Action eliminating DQN | RL Projects Lab

Department of Electrical Engineering

Control Robotics and Machine Learning Lab

Technion - Israel Institute of Technology

המעבדה לבקרה רובוטיקה ולמידה חישובית

Action eliminating DQN: exploration via confidence bounds

Background

Deep reinforcement learning (DRL) methods such as the Deep Q-Network (DQN) have achieved state-of-the-art results in a variety of challenging, high-dimensional domains.

One of the major problems in DRL is that the state and action spaces are large, and the task often becomes an exploration problem.

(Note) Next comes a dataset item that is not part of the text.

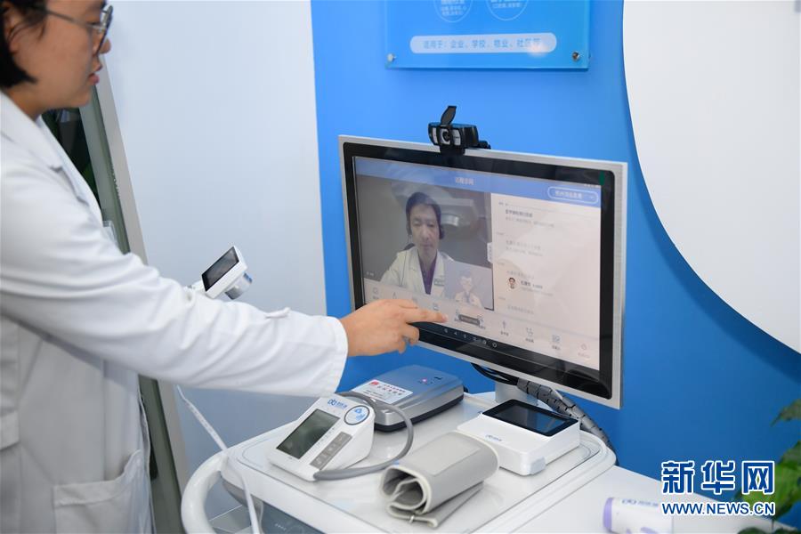11月6日,烏鎮(zhèn)互聯(lián)網(wǎng)醫(yī)院的員工在操作“智能醫(yī)務室”與醫(yī)生的視頻連線功能。據(jù)了解,“智能醫(yī)務室”由智能移動醫(yī)療一體機、智能藥柜以及一系列檢查設備組成,根據(jù)健康檔案和檢查結果,視頻連接家庭醫(yī)生就能解決常見的醫(yī)療健康問題。 新華社記者黃宗治攝

While DRL methods are new, RL is a well established field. There exist various algorithms in the tabular case which ensure proper exploration and convergence to the optimal solution. Such an algorithm is the Model-free AE Algorithm as proposed by Even-Dar et. al. (page 1095).

Recently Bellemare et. al. have proposed an improvement. Their method uses pseudo-counts to give additional intrinsic motivation for the agent to explore better.

In this project you will combine the best of both worlds. By using the pseudo-counts method proposed by Bellemare et. al. you will implement the ‘Model-free AE Algorithm’ as a robust exploratory solution.

Project Goal

Implement the ‘Model-free AE Algorithm’ in a DRL agent such as the DQN.

Project steps

Understand the DQN framework.
Get a basic understanding of the ‘Model-free AE Algorithm’
Implement and test the algorithm on various domains.
Suggest and test your own ideas!

Required knowledge

Strong programming skills.
Any knowledge in DL and RL is an advantage.

Environment

Torch / TensorFlow / PyTorch

Comments and links

See the DQN paper by Google.
See this paper regarding various learning methods in the tabular case (including the Model-free AE Algorithm)
See these two papers [1, 2] regarding count based methods for improved exploration.